**YOUR OBJECTIVE:**
The range to repeat runs from the line with "The Arco tote" to the last line below, both ends included; give it exactly and without pictures.

**SUPPLIED DATA:**
*****

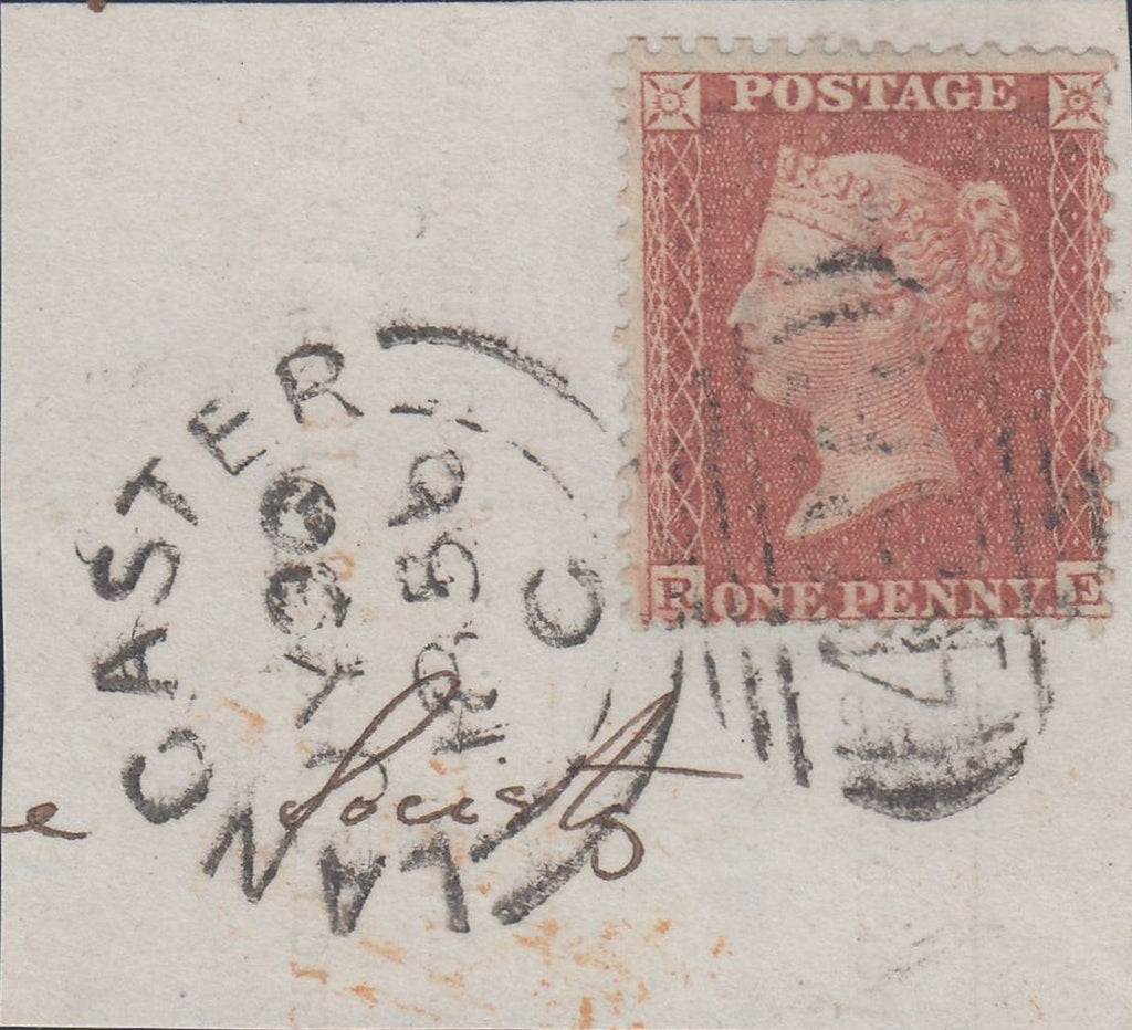 PL.13 (SPEC C6)(RE). Small piece with good used die 2 1d pl.13 L.C.14 (spec C6) lettered RE, several short perforations and tied good strike LANCASTER/436 sideways duplex MY 30 1856 code C. (Ref 118664).
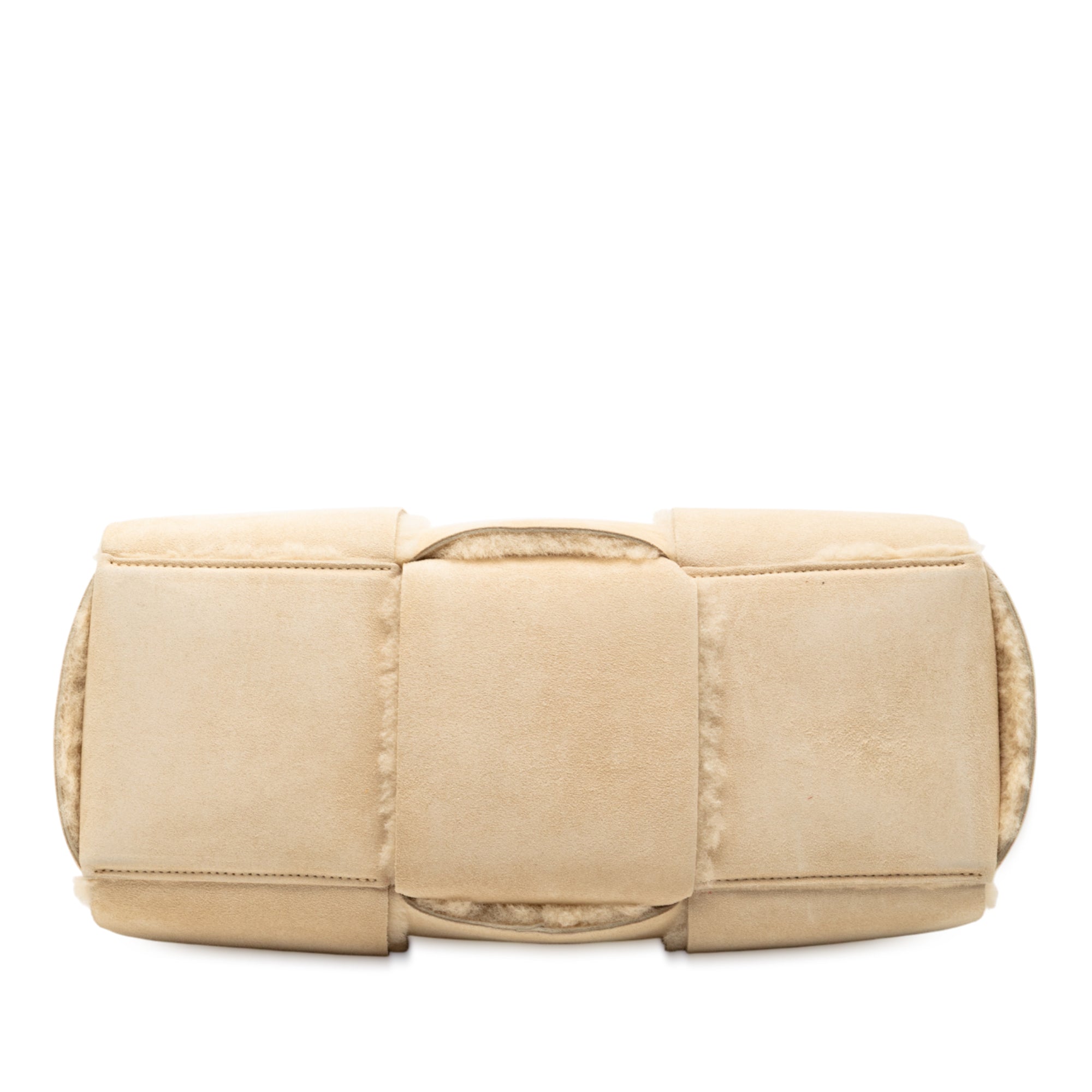 The Arco tote bag features a suede leather and shearling body, rolled leather handles, and an open top with leather knot closure. Inclusion: Dust bag. Retail Price: 3200.00
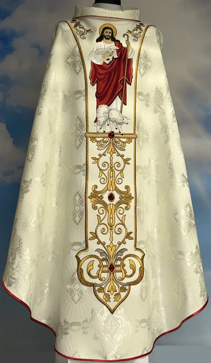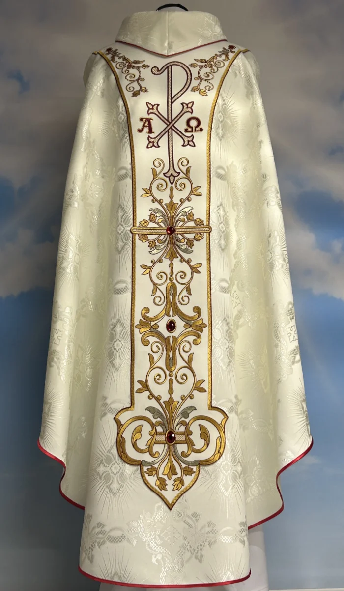 Ornat z pasami haftowanymi komputerowo. Wykonany z lekkiego i przyjemnego w dotyku materiału.
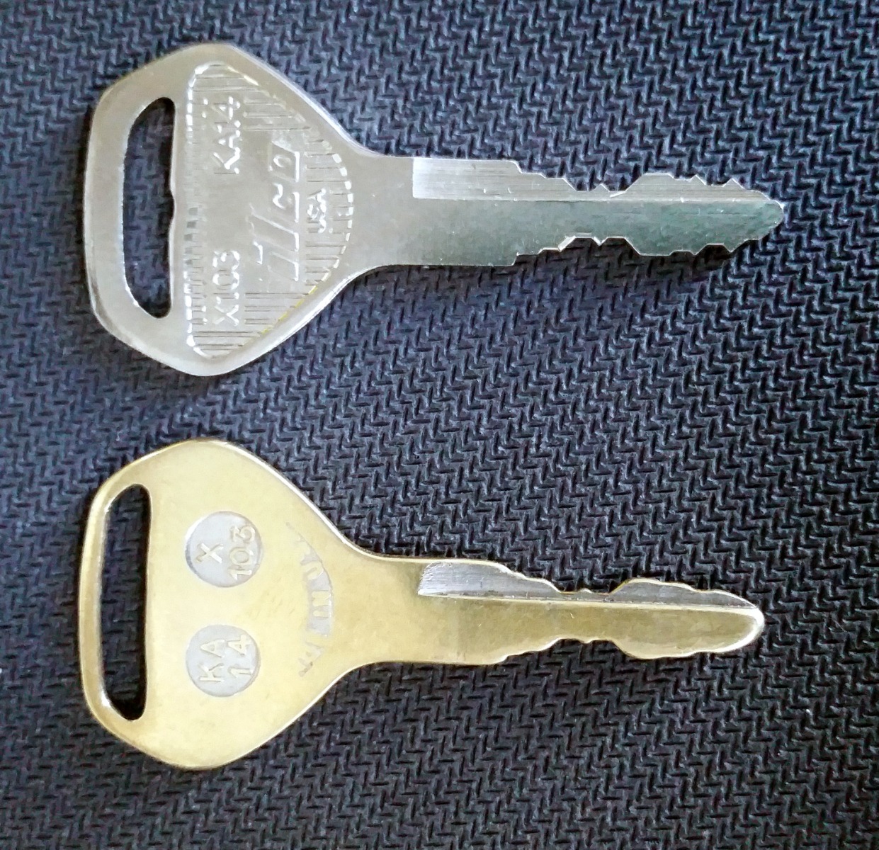 This was a one owner bike. He was a sheriff whose nickname was 'Two Guns". That name shall be passed on to this bike (of course!)He rode the bike until 2008 when he was in his 70s. He passed about a year ago and the family decided to take the bike off the back patio and put it up for sale. I just picked it up last week. It seems pretty complete, and apparently 'ran fine when it was parked'. We shall see. Seat, bar, bags, cowl and tank have been removed. Front blinkers and headlight removed, ignition switch was pulled to get code and a new set of keys were just cut. That made a huge difference in ignition fitment. The old worn key would work with a lot of jiggling, the new one slides in and turns like butter!

*****

**RESULT FOR THIS TASK:**
 The Arco tote bag features a suede leather and shearling body, rolled leather handles, and an open top with leather knot closure. Inclusion: Dust bag. Retail Price: 3200.00
 Ornat z pasami haftowanymi komputerowo. Wykonany z lekkiego i przyjemnego w dotyku materiału.
 This was a one owner bike. He was a sheriff whose nickname was 'Two Guns". That name shall be passed on to this bike (of course!)He rode the bike until 2008 when he was in his 70s. He passed about a year ago and the family decided to take the bike off the back patio and put it up for sale. I just picked it up last week. It seems pretty complete, and apparently 'ran fine when it was parked'. We shall see. Seat, bar, bags, cowl and tank have been removed. Front blinkers and headlight removed, ignition switch was pulled to get code and a new set of keys were just cut. That made a huge difference in ignition fitment. The old worn key would work with a lot of jiggling, the new one slides in and turns like butter!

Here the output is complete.